┏━━
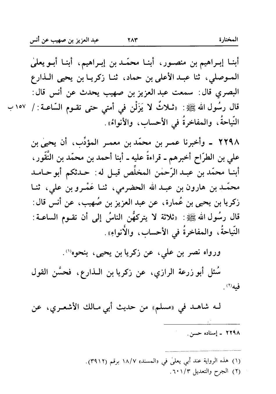 2298 - وَأَخْبَرَنَا عُمَرُ بْنُ مُحَمَّدِ بْنِ مَعْمَرٍ الْمُؤَدِّبُ أَنَّ يَحْيَى بْنَ عَلِيِّ بْنِ الطَّرَّاحِ أَخْبَرَهُمْ قِرَاءَةً عَلَيْهِ أبنا أَحْمَدُ بْنُ مُحَمَّدِ بْنِ النَّقُّورِ أبنا مُحَمَّدُ بْنُ عَبْدِ الرَّحْمَنِ الْمُخَلِّصُ قِيلَ لَهُ حَدَّثَكُمْ أَبُو حَامِدٍ مُحَمَّدُ بْنُ هَارُونَ بْنِ عَبْدِ اللَّهِ الْحَضْرَمِيُّ ثَنَا عَمْرُو بْنُ عَلِيٍّ ثَنَا زَكَرِيَّا بْنُ يَحْيَى بْنِ عُمَارَةَ عَنْ عَبْدِ الْعَزِيزِ بْنِ صُهَيْبٍ عَنْ أَنَسٍ قَالَ قَالَ رَسُولُ اللَّهِ صَلَّى اللَّهُ عَلَيْهِ وَسَلَّمَ ثَلاثَةٌ لَا يَتْرُكُهُنَّ النَّاسُ إِلَى أَنْ تَقُومَ السَّاعَةُ النِّيَاحَةُ وَالْمُفَاخَرَةُ فِي الأَحْسَابِ وَالأَنْوَاءُ
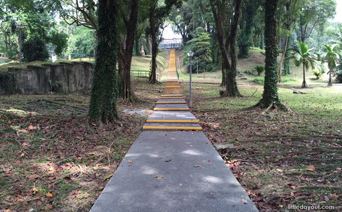 For those itching for more adventure, go further on to the meandering forest path with steps leading to 10-storey high lookout points around one side of the quarry. At the end of the footpath, kids with boundless energy will probably want to race up the 121 concrete steps. This place is of historical significance and the storyboard at the base of the long flight is a good spot to relate to them the history of World War II. The steps were built by 500 to 800 Prisoners-Of-War and used to lead to the Syonan Chureito, a memorial by the Japanese to commemorate the soldiers who died. Today, the Mediacorp Transmission Centre stands in its place.
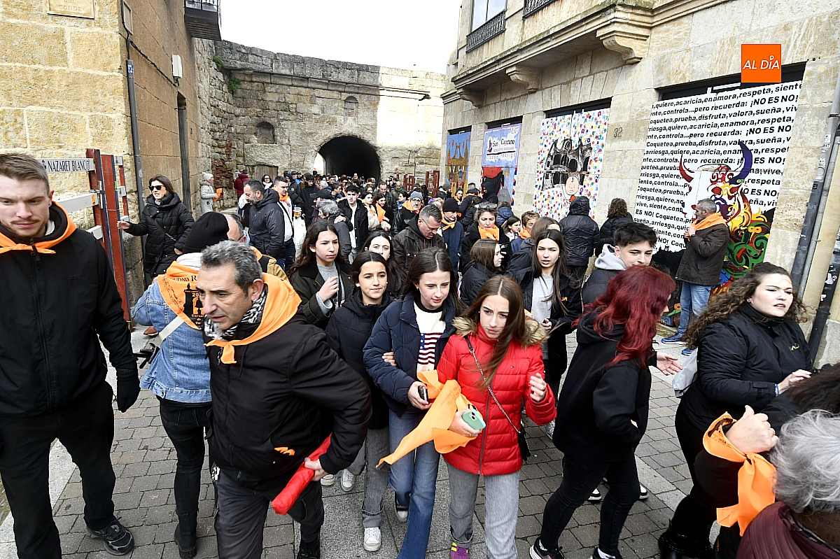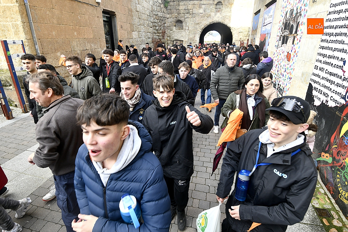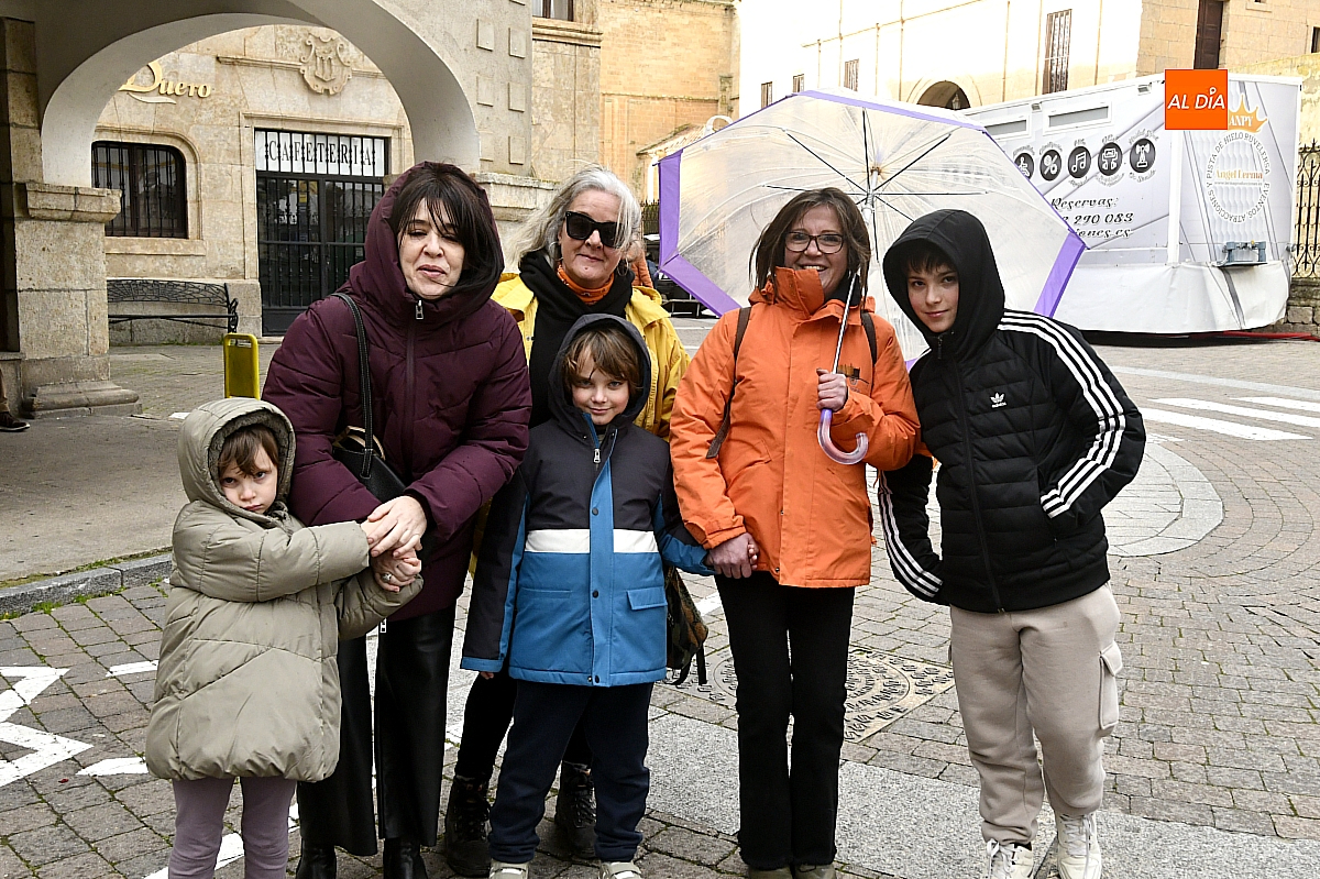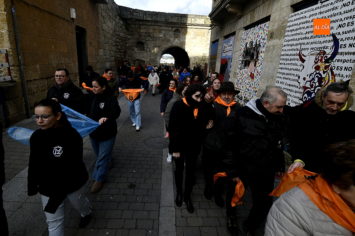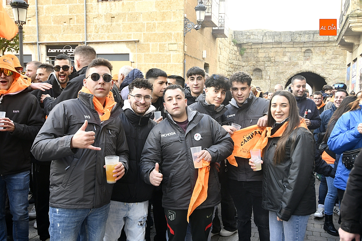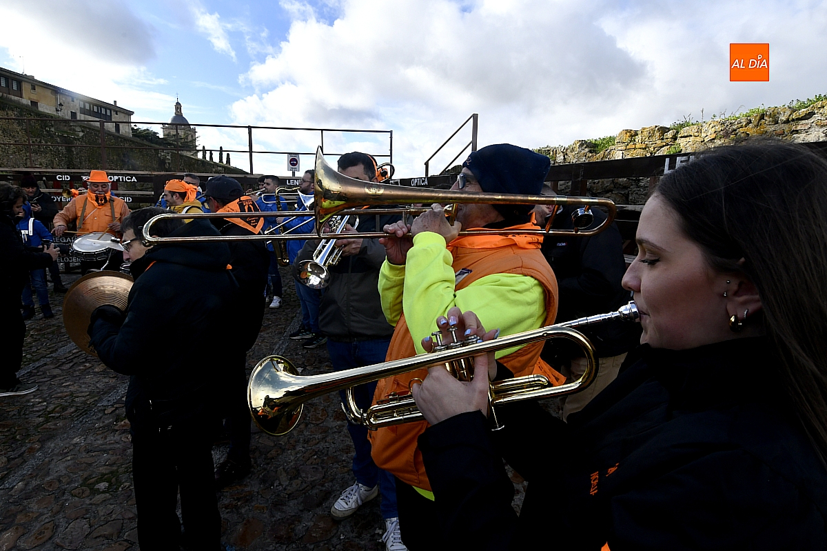 Miles de mirobrigenses y forasteros se concentraban en el registro a las cinco de la tarde para recoger su panuelo naranja, peñas, familas y amigos continauron la marcha hasta la Plaza Mayor llenándola de color naranja y dándose calor en la fría tarde de invierno, aguantando la lluvia y el viento que tampoco quería perderse la fiesta.
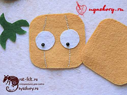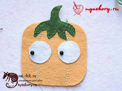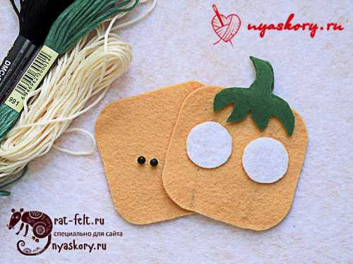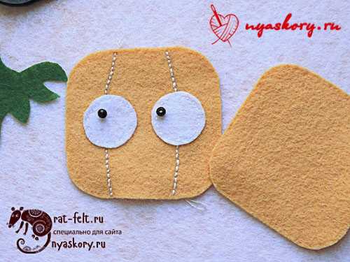 - Втыкаем булавки, чтобы получились глаза.
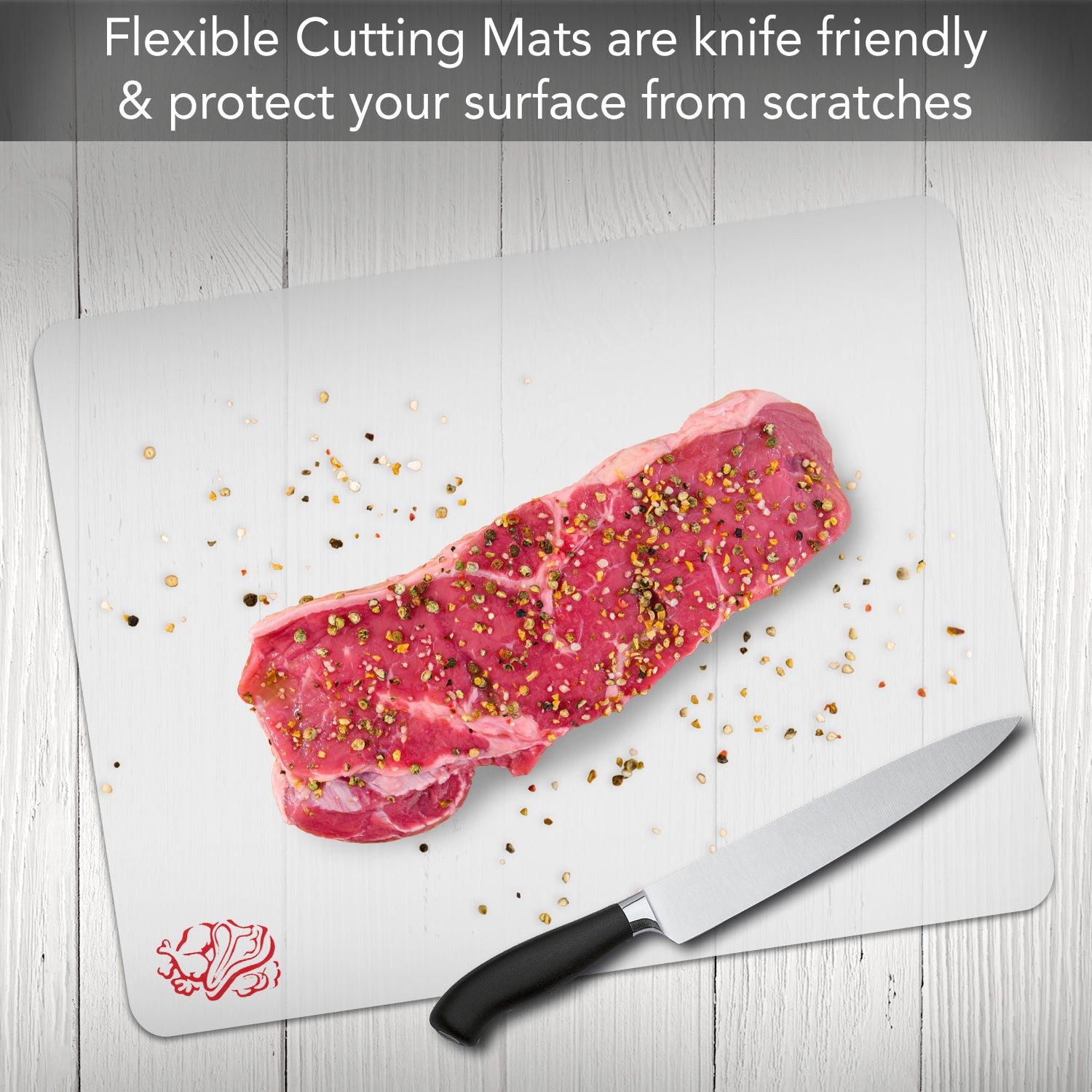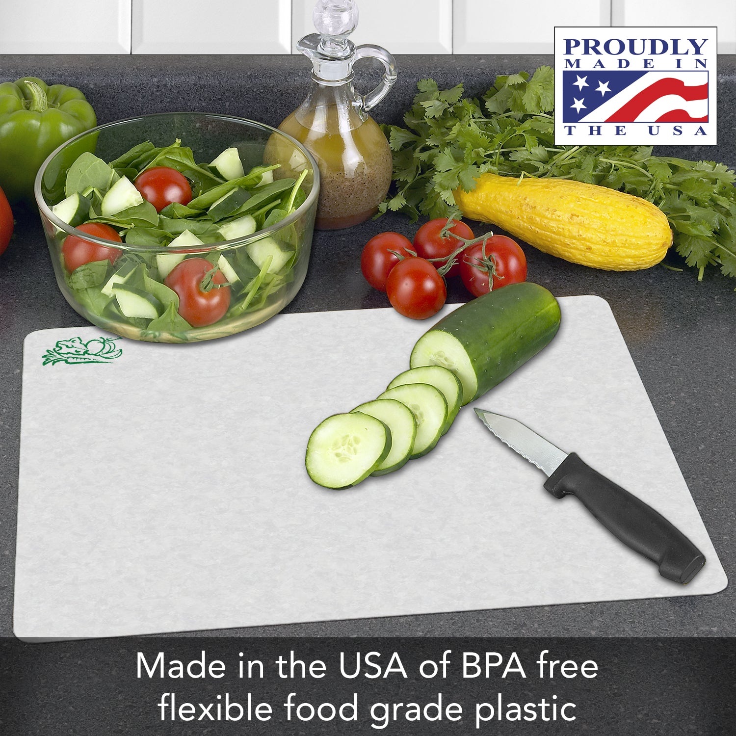 - KNIFE FRIENDLY flexible cutting board mats provide a safe surface to chop, slice and cut foods without dulling knives.
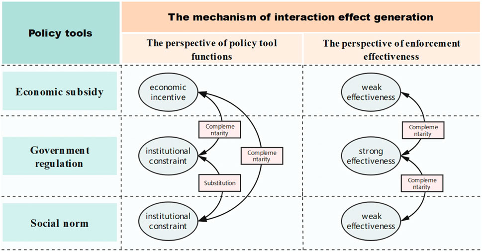 In summary, to present the interaction effects among the above three types of policy tools more clearly, we have drawn a mechanism framework diagram of their interaction (Figure 4), and put forward the following hypotheses:
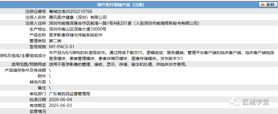 而在今年年中,腾讯也拿到了一张软件方面的医疗器械注册证
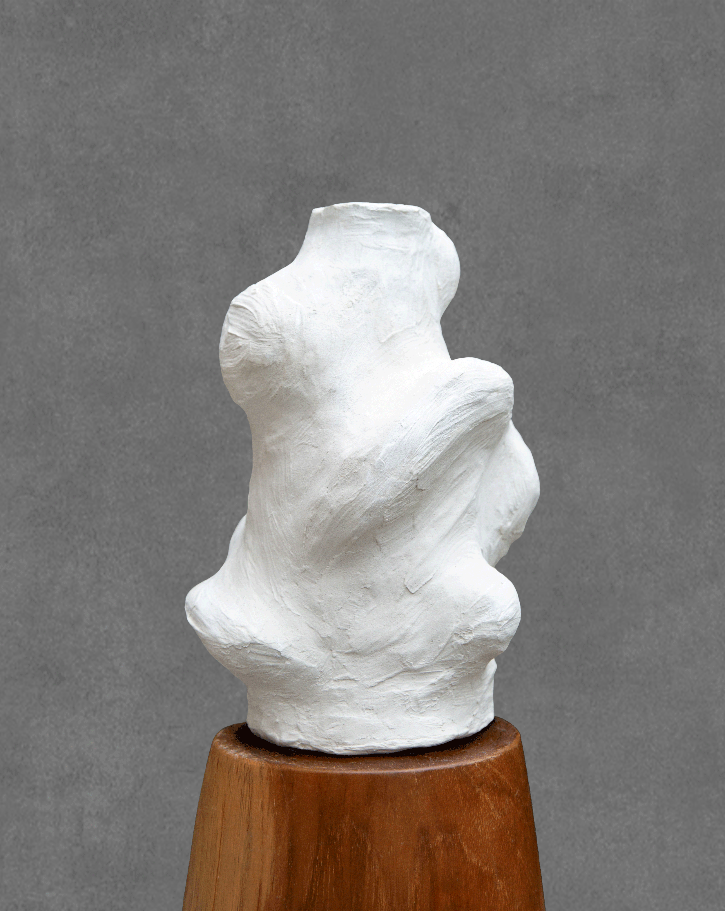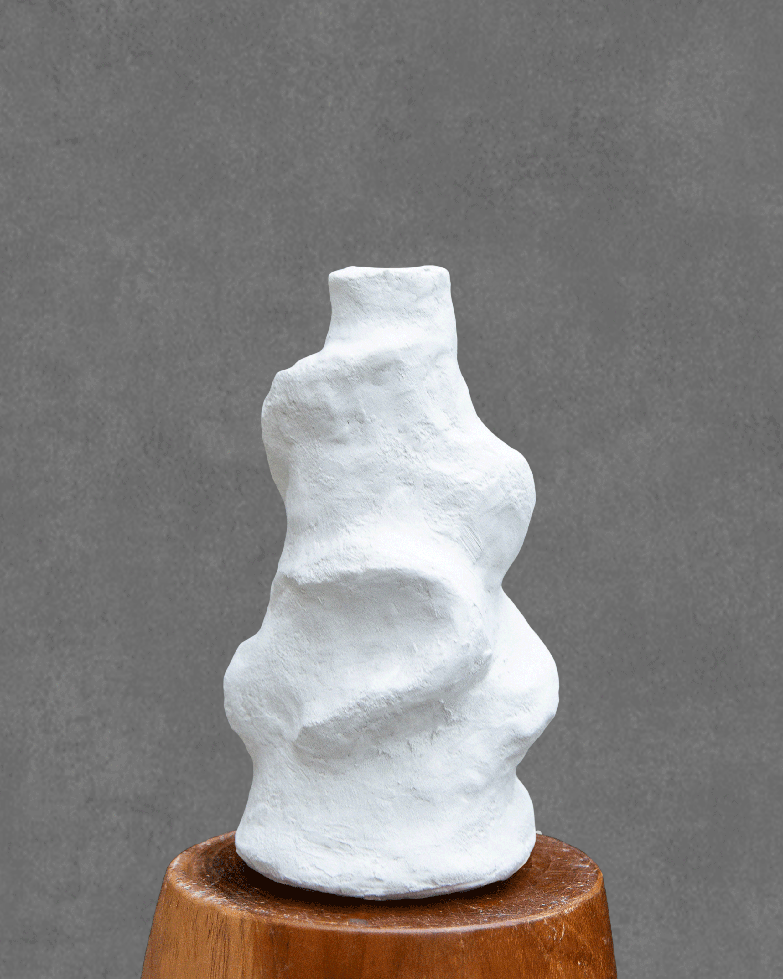HAND-BUILT SCULPTURESThese hand-built vases are created from recycled glass bottles, gesso, and drywall, taking on organic vertical forms that follow the structure of what once was. Their surfaces remain raw, uneven, and seemingly unfinished—holding a sense of becoming rather than completion. They carry the visual language of the city: constant building and rebuilding, layers formed over time, and a kind of beauty found within process, tension, and transformation.
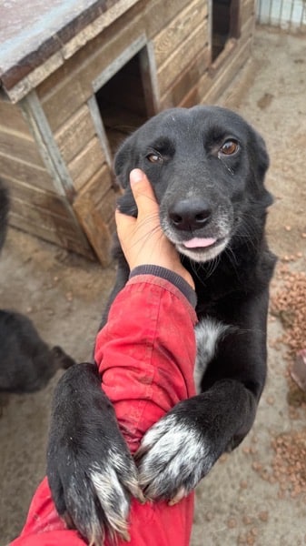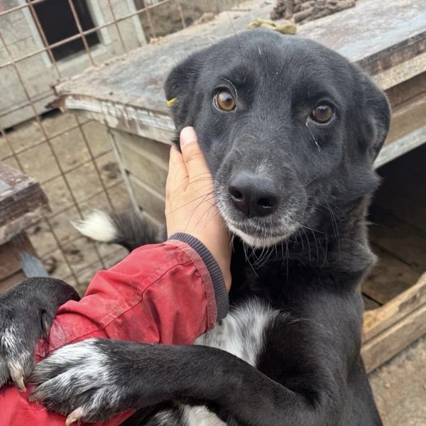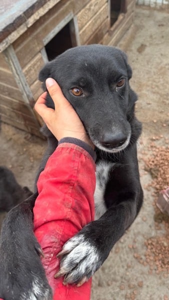 Bei unserem Besuch lag die süsse Hündin zunächst ganz ruhig in der Hütte und schlief tief und fest. Als wir sie geweckt haben, hat sie sich sichtlich über die Streicheleinheiten und unsere Zuwendung gefreut. Von da an wich sie uns nicht mehr von der Seite – ganz eng bei uns, aber nie aufdringlich. Das Mädel ist eine sehr ruhige, ausgeglichene Hündin, die Nähe genießt, ohne sich in den Vordergrund zu drängen.
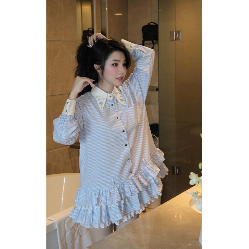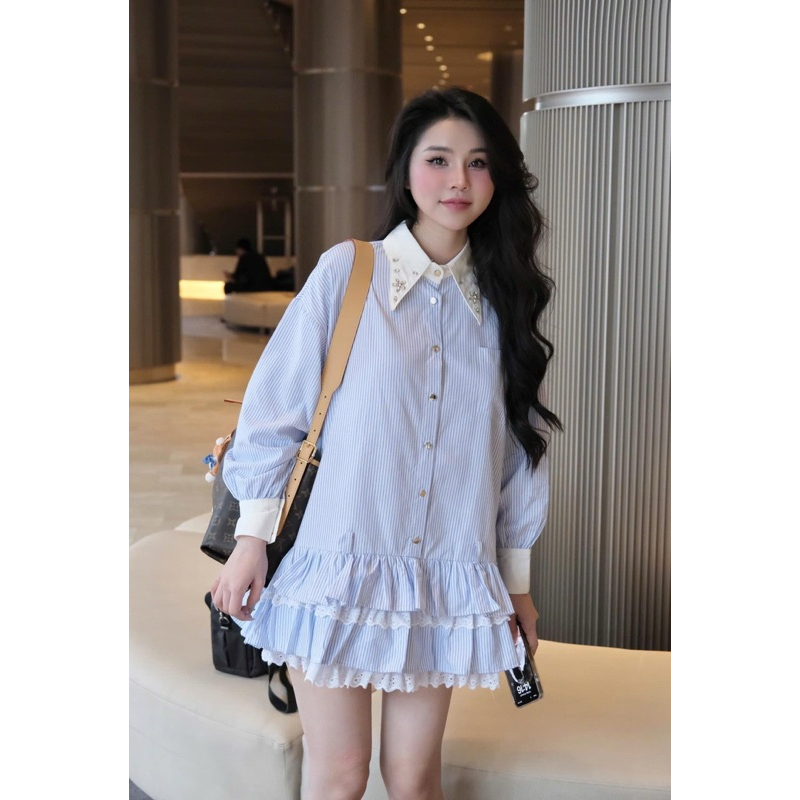 [V1.793] ชุดเดรสเสื้อลายสก๊อต Babydoll สุดน่ารักพร้อมปก Rhinestone และ Ruffles Layered
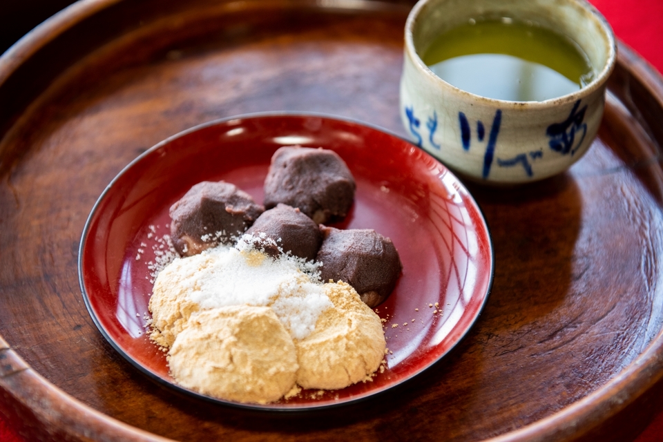 This specialty of Fuchu-shuku passed down since olden times is a confection made by sprinkling kinako (roasted soybean flour) onto freshly pounded mochi (rice cake) and topping it with white sugar. It is said that when Tokugawa Ieyasu stopped at a certain tea house in the early Edo period (1603 - 1868), the owner used kinako to resemble gold dust, and presented the dish to Ieyasu as Abekawa kinnako mochi, a play on words combining kin (gold) and kinako.
┗━━
ABOUT THIS EXERCISE: Copy exactly the lines of the entries above from the one containing "- Втыкаем булавки, чтобы получились глаза." through the one containing "- KNIFE FRIENDLY". Both end lines count; pictures do not.

RESULT BELOW:
 - Втыкаем булавки, чтобы получились глаза.
 - KNIFE FRIENDLY flexible cutting board mats provide a safe surface to chop, slice and cut foods without dulling knives.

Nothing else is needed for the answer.